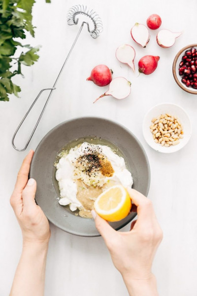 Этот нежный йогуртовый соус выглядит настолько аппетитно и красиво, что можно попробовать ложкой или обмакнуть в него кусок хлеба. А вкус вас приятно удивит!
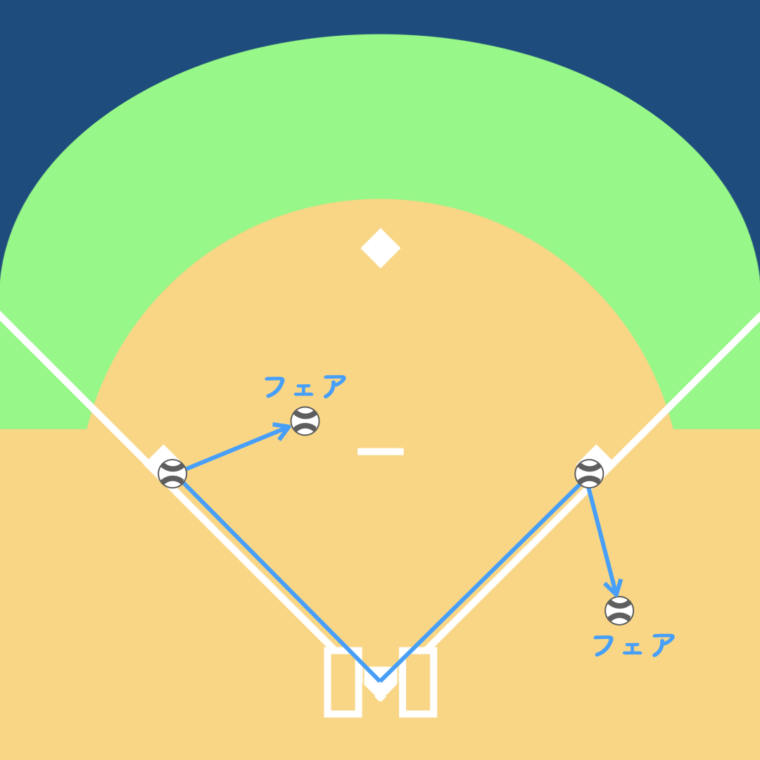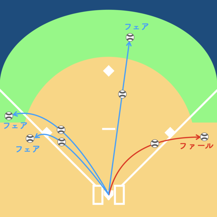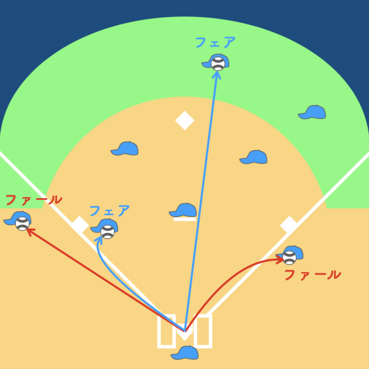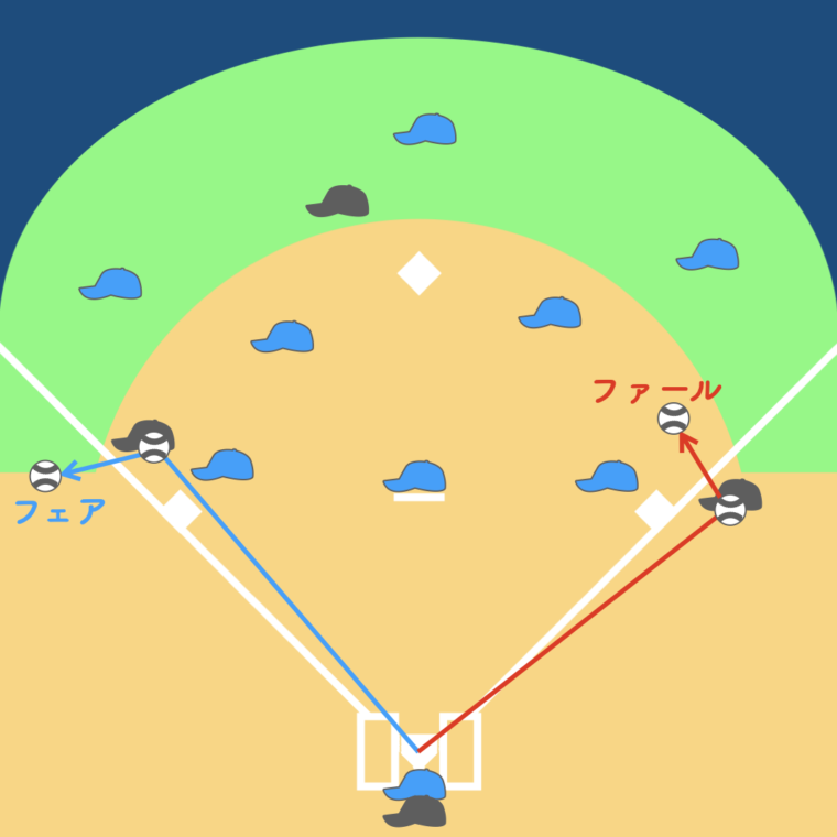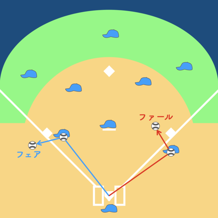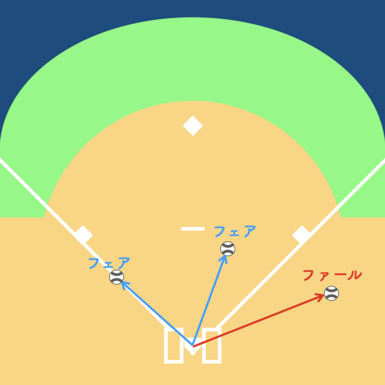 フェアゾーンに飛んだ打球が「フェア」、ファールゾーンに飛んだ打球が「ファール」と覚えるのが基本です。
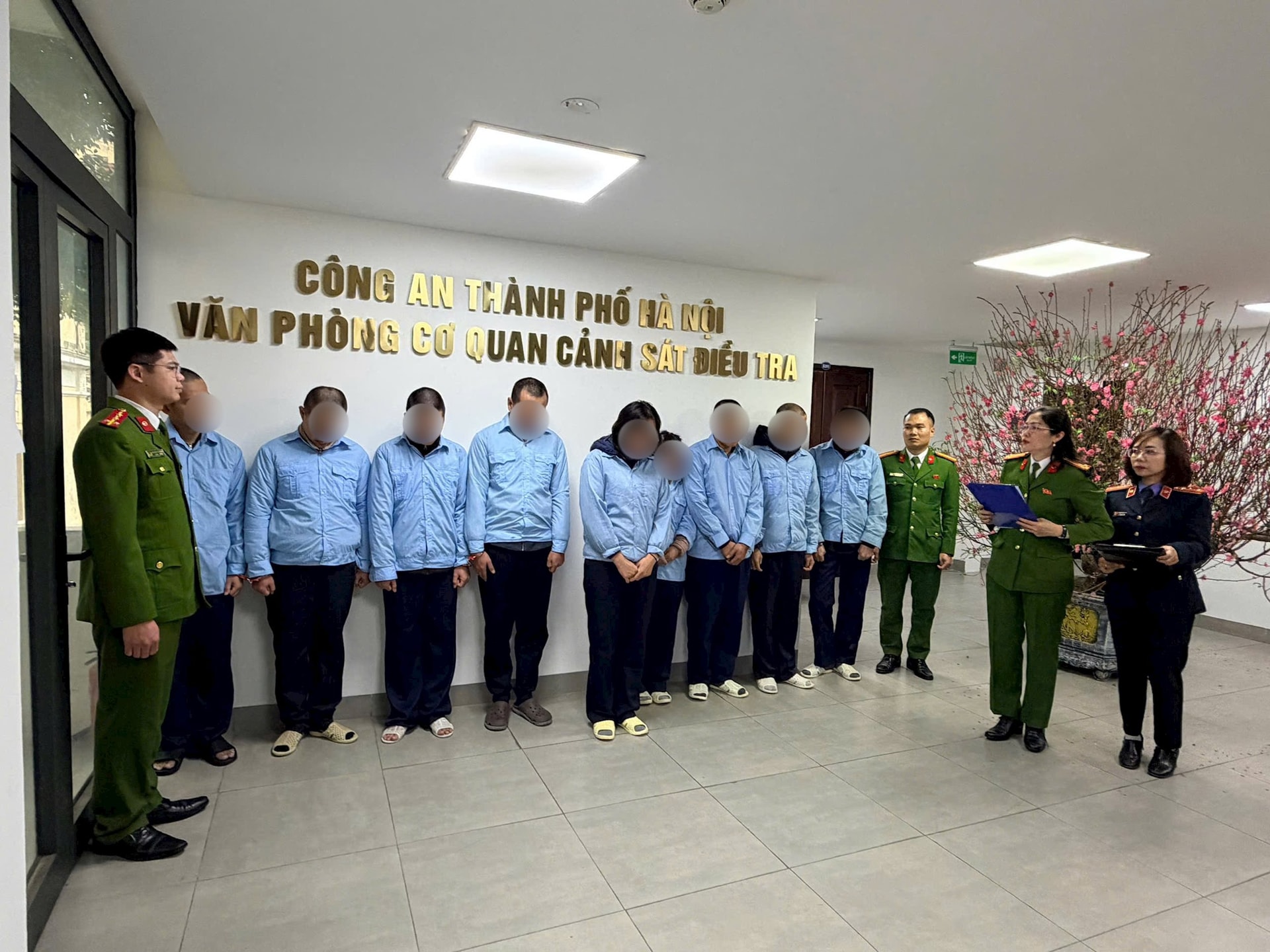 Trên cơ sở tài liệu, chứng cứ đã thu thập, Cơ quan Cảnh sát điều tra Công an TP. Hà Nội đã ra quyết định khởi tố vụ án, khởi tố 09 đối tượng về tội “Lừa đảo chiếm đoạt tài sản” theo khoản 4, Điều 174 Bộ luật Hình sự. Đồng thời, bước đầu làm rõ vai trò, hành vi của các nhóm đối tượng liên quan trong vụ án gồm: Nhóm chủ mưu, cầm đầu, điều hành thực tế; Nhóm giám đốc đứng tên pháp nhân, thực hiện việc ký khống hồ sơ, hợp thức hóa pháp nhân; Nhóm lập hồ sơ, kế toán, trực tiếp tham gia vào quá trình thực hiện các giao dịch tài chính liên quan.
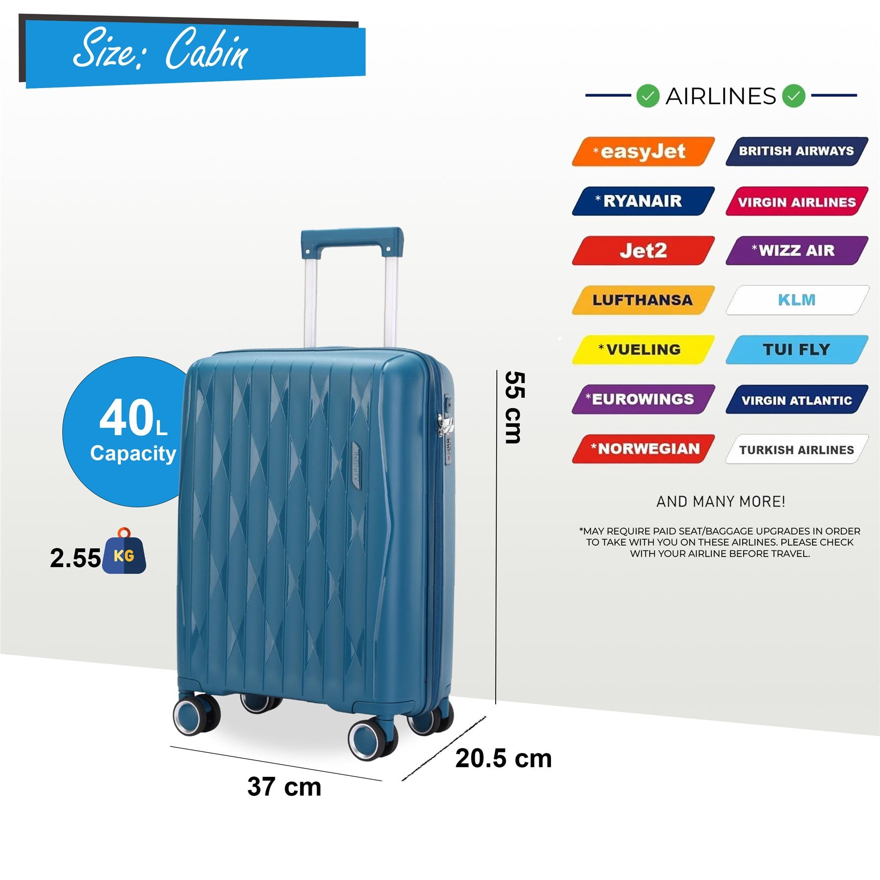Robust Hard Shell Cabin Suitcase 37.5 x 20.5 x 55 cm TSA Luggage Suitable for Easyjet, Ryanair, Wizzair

********

What you are asked to do => Drop the pictures and give every line above again exactly.

Task output =>
 Этот нежный йогуртовый соус выглядит настолько аппетитно и красиво, что можно попробовать ложкой или обмакнуть в него кусок хлеба. А вкус вас приятно удивит!
 フェアゾーンに飛んだ打球が「フェア」、ファールゾーンに飛んだ打球が「ファール」と覚えるのが基本です。
 Trên cơ sở tài liệu, chứng cứ đã thu thập, Cơ quan Cảnh sát điều tra Công an TP. Hà Nội đã ra quyết định khởi tố vụ án, khởi tố 09 đối tượng về tội “Lừa đảo chiếm đoạt tài sản” theo khoản 4, Điều 174 Bộ luật Hình sự. Đồng thời, bước đầu làm rõ vai trò, hành vi của các nhóm đối tượng liên quan trong vụ án gồm: Nhóm chủ mưu, cầm đầu, điều hành thực tế; Nhóm giám đốc đứng tên pháp nhân, thực hiện việc ký khống hồ sơ, hợp thức hóa pháp nhân; Nhóm lập hồ sơ, kế toán, trực tiếp tham gia vào quá trình thực hiện các giao dịch tài chính liên quan.
Robust Hard Shell Cabin Suitcase 37.5 x 20.5 x 55 cm TSA Luggage Suitable for Easyjet, Ryanair, Wizzair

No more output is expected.